Try it: Range to reproduce from the entries below: the line with "首次明確炎癥疼痛僅增強雄性而", the line with "Vendo interface /", and every line in between. Give them exactly and give nothing else.
(Input Opens)
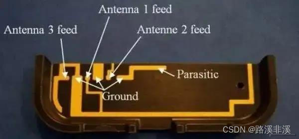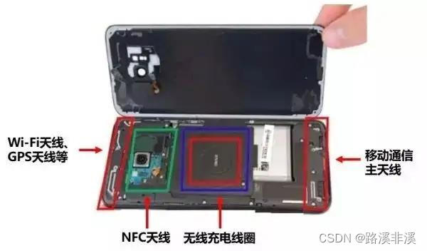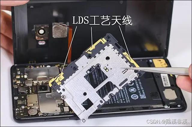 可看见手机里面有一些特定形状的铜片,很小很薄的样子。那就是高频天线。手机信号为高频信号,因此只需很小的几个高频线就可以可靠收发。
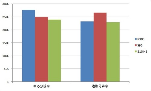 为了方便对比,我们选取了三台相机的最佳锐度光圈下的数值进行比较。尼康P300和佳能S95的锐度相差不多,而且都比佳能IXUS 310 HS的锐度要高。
(Input Closes)
(Input Opens)
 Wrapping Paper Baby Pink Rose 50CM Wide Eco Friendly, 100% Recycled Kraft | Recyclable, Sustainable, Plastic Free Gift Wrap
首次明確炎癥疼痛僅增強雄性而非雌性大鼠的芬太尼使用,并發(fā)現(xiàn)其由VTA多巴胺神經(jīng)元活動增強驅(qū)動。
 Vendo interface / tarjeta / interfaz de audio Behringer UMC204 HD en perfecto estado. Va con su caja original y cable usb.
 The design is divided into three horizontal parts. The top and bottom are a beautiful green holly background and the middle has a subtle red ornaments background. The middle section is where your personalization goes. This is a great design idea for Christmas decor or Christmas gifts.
(Input Closes)
Response:
首次明確炎癥疼痛僅增強雄性而非雌性大鼠的芬太尼使用,并發(fā)現(xiàn)其由VTA多巴胺神經(jīng)元活動增強驅(qū)動。
 Vendo interface / tarjeta / interfaz de audio Behringer UMC204 HD en perfecto estado. Va con su caja original y cable usb.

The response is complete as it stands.